The large files are stored in 'special remotes', of which many kinds are supported. Many of these remotes, however, require some authentication or are rather involved to set up. The nicest workflow (for users, not contributors per se) is if files can be downloaded from a simple URL with no further plugins beyond git-annex itself. Google cloud storage (or amazon S3) is a good option for this.

Setup

This is complementary to the instructions at the git-annex page on the topic

  1. Get credentials for your google cloud storage project by going to the project settings page and create an access key under the interoperability tab
  2. Enter the key and secret into your environment (e.g. git bash on windows):
export AWS_ACCESS_KEY_ID="YOUR-KEY"
export AWS_SECRET_ACCESS_KEY="YOUR-SECRET"

Creating a new bucket for the annex and uploading files ↗

In our git repository, we run

git annex initremote <remote-name> type=S3 encryption=none host="storage.googleapis.com"  autoenable=true bucket=<a-unique-bucket-name> datacenter=<datacenter-location-name> publicurl="https://storage.googleapis.com/<a-unique-bucket-name>" public=yes 

Note that:

  • <remote-name> can be chosen to personal preference
  • <a-unique-bucket-name> is the name of the bucket as it will show up in your project.
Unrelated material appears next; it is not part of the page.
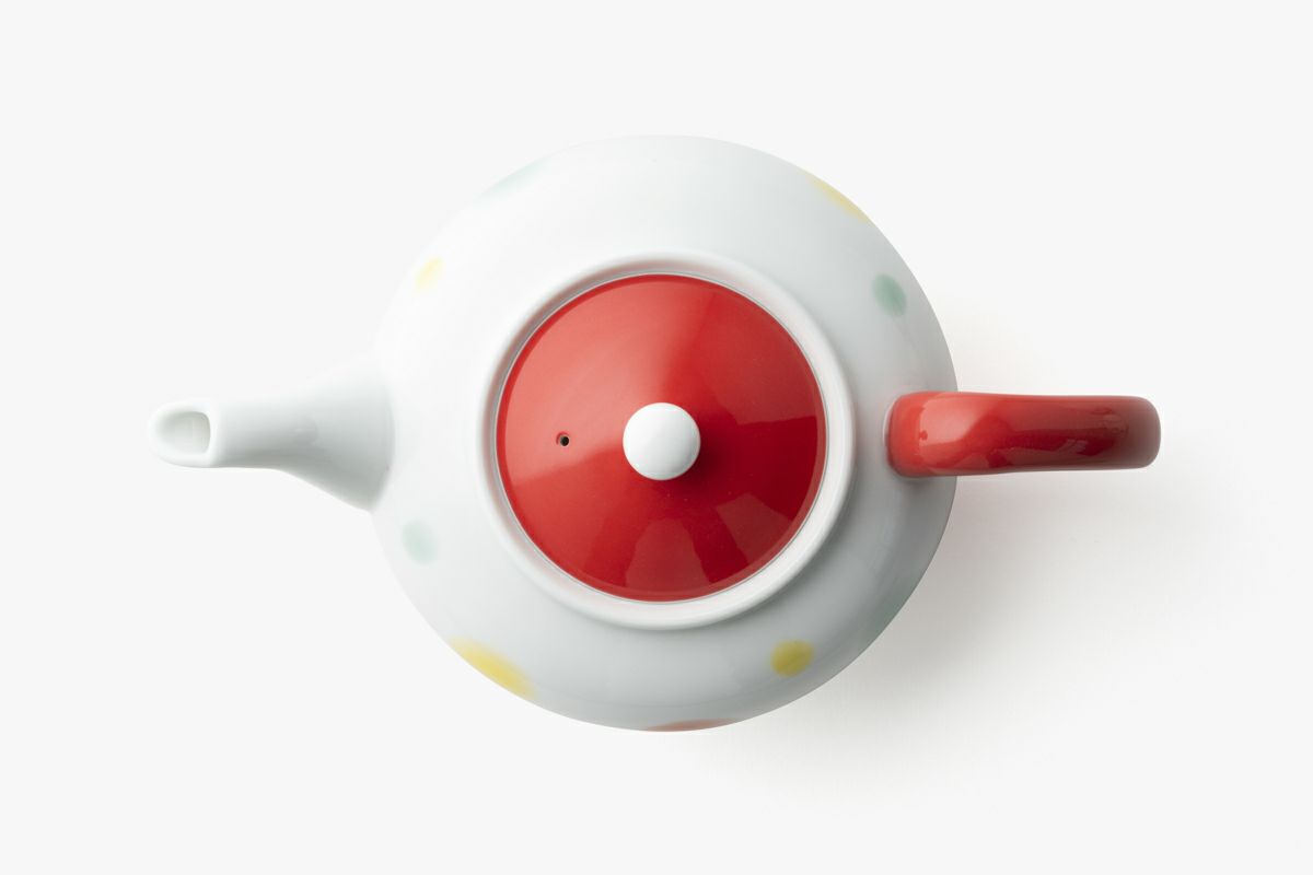 蓋と持ち手に優しい赤を配色することで、ふんわり踊るやわらぎ水玉とのバランスが相性よく、彩ります。ポットの持ち手の曲線は握りがよく、安心感があります。水玉模様が食卓に彩りと和らぎを与えてくれます。

It must be a unique name, so I would lean towards longer names. It will let you know if the name is unavailable.
  • <datacenter-location-name> is the location of the datacenter as listed in google cloud storage (e.g. europe-west1). You can find the list of possible values when creating a bucket through the web interface of google cloud.

If everything went well you should now see the remote when calling git-annex list. You should also see that a new bucket has appearead in google cloud storage.
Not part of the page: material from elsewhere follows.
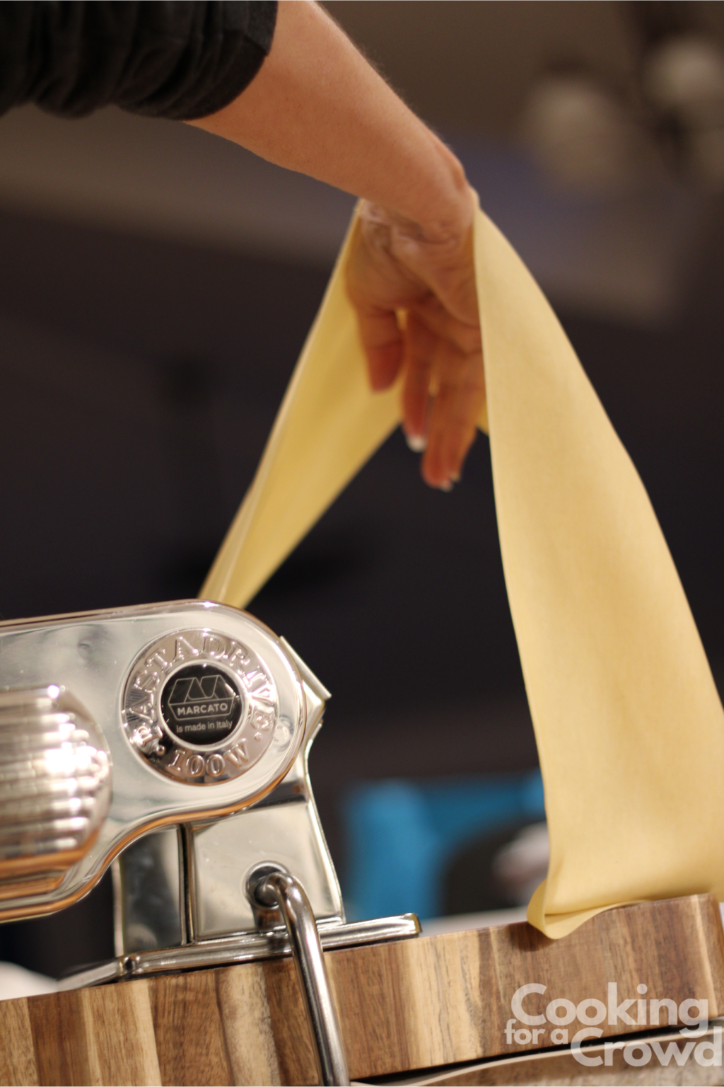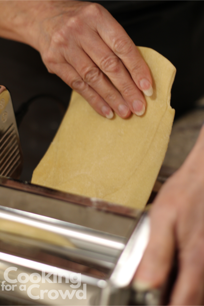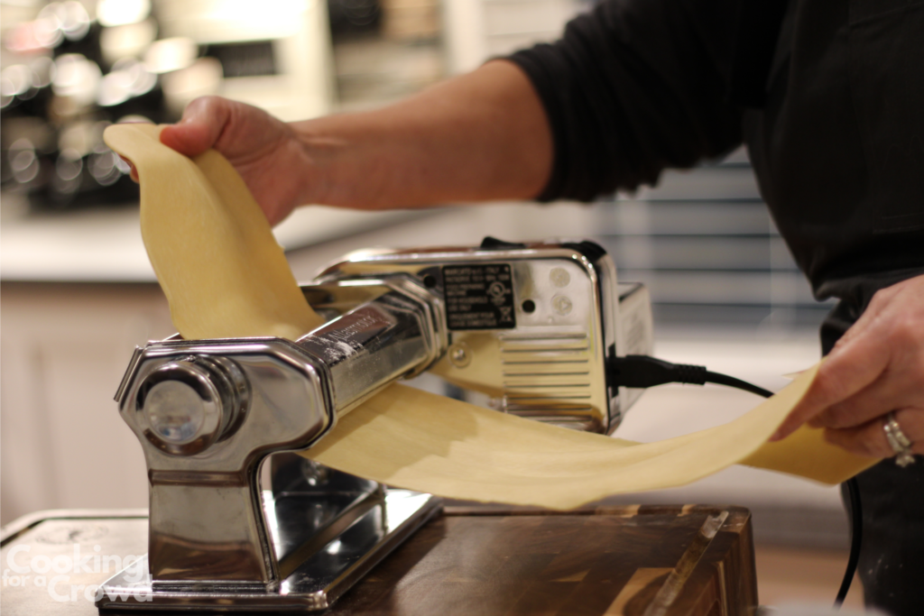 Keep feeding the pasta through the machine, changing the thickness setting in between each roll. My favorite thickness is at 6 on my Marcato machine.

At this point the bucket is still set to private, so we need to address that. In the web interface we go to permission and (1) switch access type to "uniform" (2) Go to grant access and create a new "principal" with name allUsers and give that the role Storage Object Viewer. Now anyone should have read access to the directory and contents if they have the url.

Now we can actually upload the annexed files to google cloud storage with

git annex copy --to <remote-name>

Finally, after adding and setting up the special remote, don't forget to also commit and push the changes to the remote, otherwise people pulling the project will not 'know' about the special remote yet.

Note

You can find information about remotes before cloning by looking at the remote.log file in the git-annex branch.

Cloning the remote for users ↘

For users, the process for cloning and getting the annexed files is straightforward. You would clone the repository as normal:

git clone <url>

Which would pull the repository, symlinks and the git-annex branch. To actually pull the files, you simply run

git annex get .

And files should be downloaded and ready for use. On windows (without WSL) files will be automatically unlocked.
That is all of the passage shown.